Fig 9: Imported Image of Brain

 

    8. Heat map of the Image

          The heatmap is created to differentiate the tumor from the normal parts of the brain. Here tumor parts are in light color and other parts are in different colors. These are separated using the RGB values of the image.

Fig 10: Heatmap of the image

 

    9. Highlighting the index values of the tumor

          The below image gives the index value of the pixel grids which are with the tumor cells, by segregating the color range which are closer to white and grouping them together.

Fig 11: Indexing the tumor parts of brain

 

    10. Identifying the tumor area using Image Processing

          The scan image is Gray Scaled and the areas are selected to identify normal parts of the brain and the tumors. Based on the RGB values the pixels are checked and the tumor areas are identified and indicated with color to differentiate it.
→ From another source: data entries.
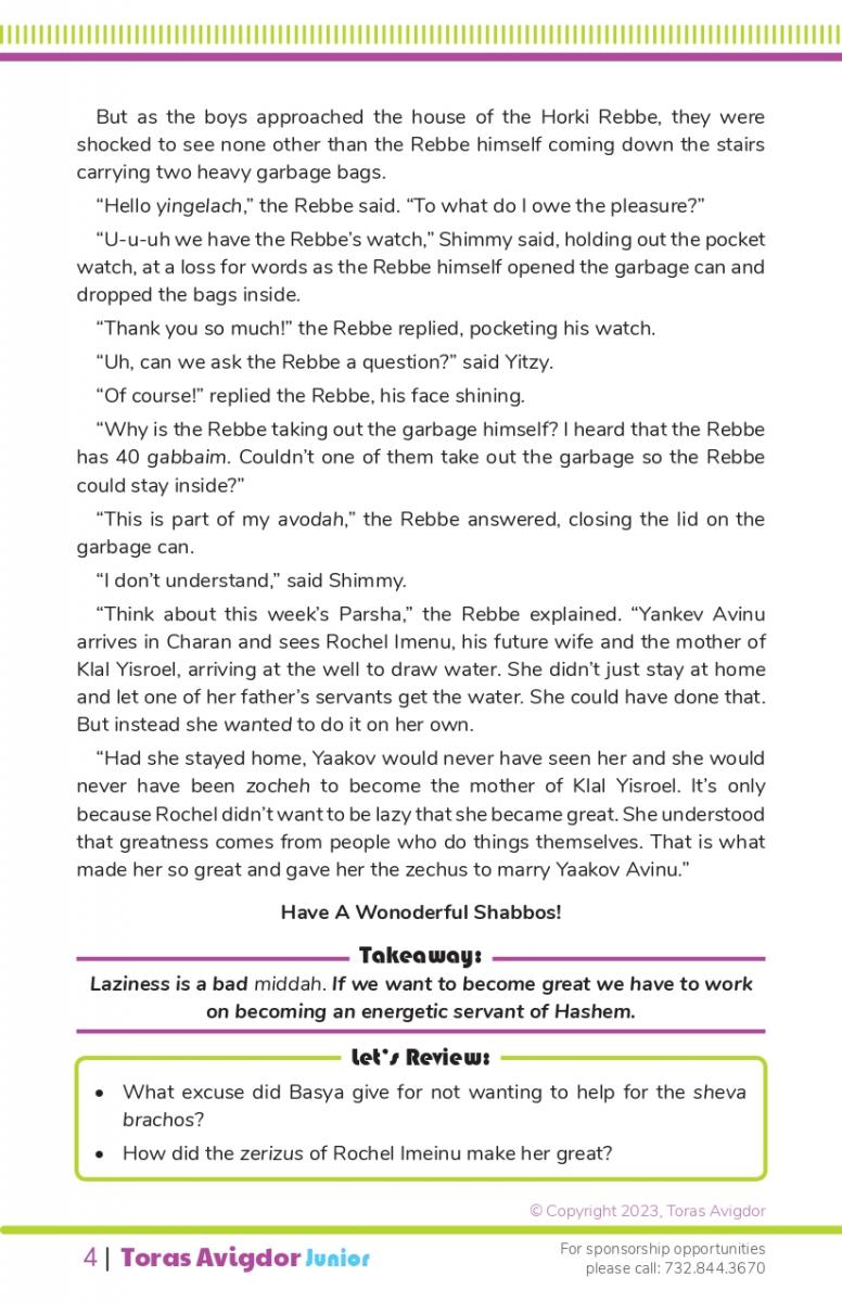 Toras Avigdor was founded with the goal of spreading Rav Miller’s Torah and Hashkafos bot for adults and children.
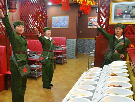 2015年1月10日,在甘肅省平涼市一家新開張的火鍋店,服務員們全部扮成“紅衛兵”的樣子,每當有客人走進大廳,店門口的迎賓就喊:“老鄉您好!歡迎下鄉改善伙食。”在這家以“紅色餐飲”為主題文化的火鍋店,記者還發現,這家火鍋店吸人眼球的不僅僅是服務員“紅衛兵”的打扮,還有許多新鮮的叫法更是讓人好奇,甚至有時候讓前來消費的顧客忍俊不禁。店內服務員管同事叫“社員”,稱包廂為“公社”,稱主管為“隊長”,他們還把菜譜叫“革命語錄”,把啤酒叫做“地雷”,白酒稱作“炸彈”,餐廳紙是“雞毛信”,代金券是“糧票”。
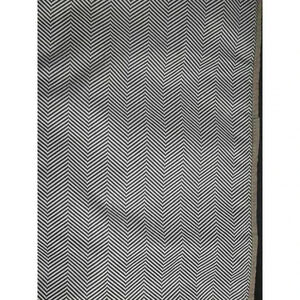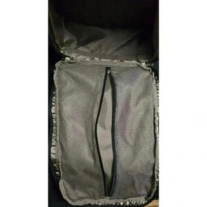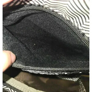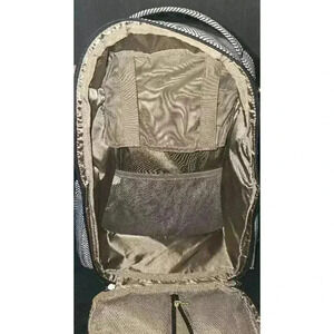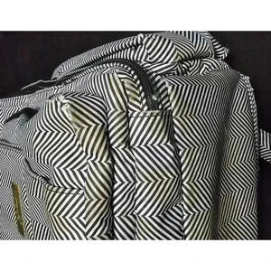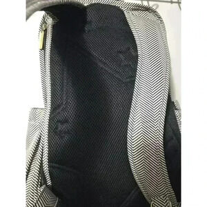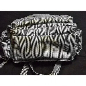 This is a Ju-Ju-Be Be Prepared diaper bag in the "Chevron" pattern. It is made of a black and white chevron patterned fabric with gold-colored hardware. The bag has a large main compartment, multiple pockets, and a changing pad. The bag is in pre-owned condition and shows signs of wear, including some staining on the bottom from being set in the ground. The bag measures approximately 16 inches tall, 14 inches wide, and 6 inches deep. The bag has adjustable straps and can be worn as a backpack or a shoulder bag. The bag is in good condition overall and is still functional and overall great condition.
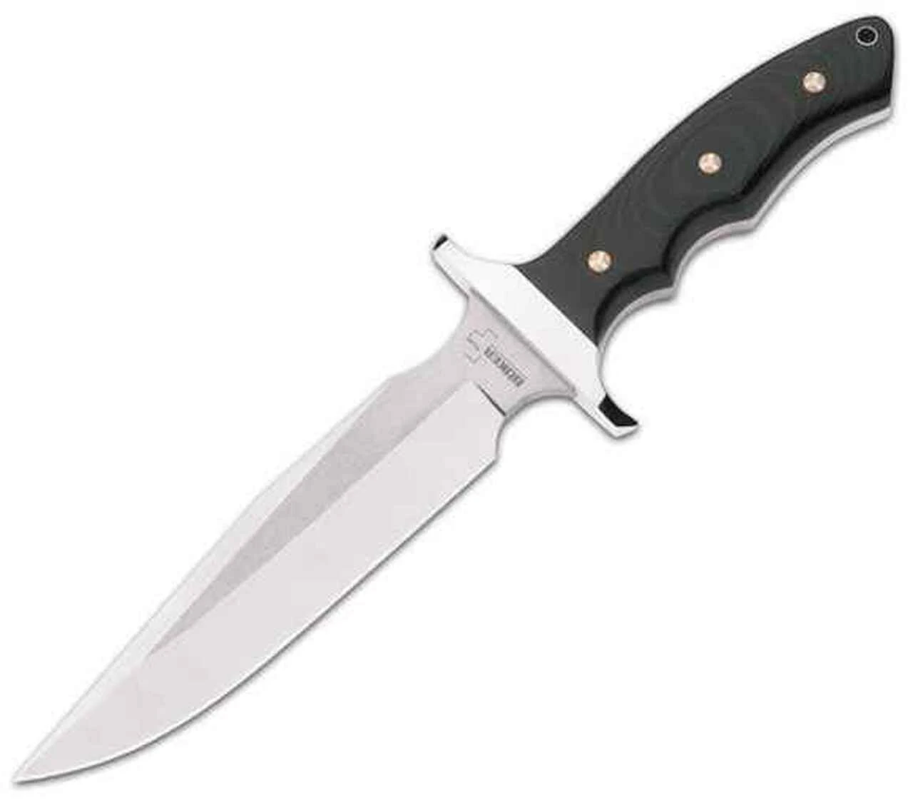 A modern interpretation of the classic Vietnam bowies, from Boker Plus. The blade features a satin finish going off into two different directions (for a two-tone finish), and in impressive thickness of 6mm, and is made of 440C stainless steel with excellent edge-holding capability. The crossguard is made of stainless steel and offers plenty of safety, even under rugged field use. The extensively ground Micarta handles are ergonomically shaped for a comfortable and secure grip, and contain a red fiber layer underneath. The handles are fastened to the tang by the use of mosaic pins, which are ordinarily only seen on custom knives due to costly production, and create a unique appearance. A must-have for the collector! With its approved concept and sturdy dimensions it can also be used as a reliable outdoor knife for a variety of cutting chores. Includes lanyard hole and premium genuine leather sheath.
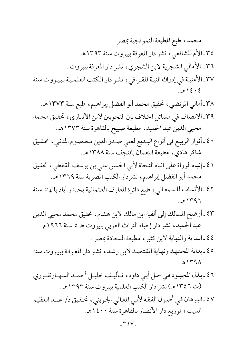 ٤٥ - بداية المجتهد ونهاية المقتصد لابن رشد، نشر دار المعرفة ببيروت سنة ١٣٩٨ هـ.
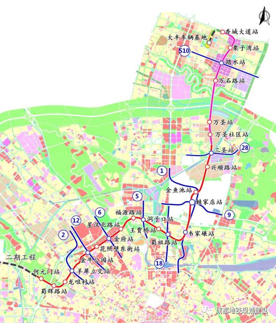 1)北延段:一、二期工程向中心城区的延伸线,包含火车南站(不含)~火车北站段四站四区间及升仙湖主所;北延段线路长度10.985km,设车站4座,均为地下站。

Fig 12: Identified Area of  tumor in brain

 

    11. Differentiating the tumor and normal brain parts

To get a clear view and to identify the tumor parts, the brain area and tumor area are differentiated with different colors. By this, we can find the percentage of area that has tumor.

Fig 13: differentiating tumor cells from normal brain parts

 

12. Result

Here the basic knowledge about image processing is gained and the tumor in found using the image processing technique. The size of the tumor can also be found using this technique.

Percentage of clot is: 0.495%

 

13. Applications of Image Processing

Image processing is widely used in

  • Face identification.
  • Image to Text conversion
  • Object Detection
  • Hand writing Detection and etc.

 

Please note: This project is completely done in Python using Google Colab. Lot of work is done and techniques are used in image analysis, image preparation and image processing in this project.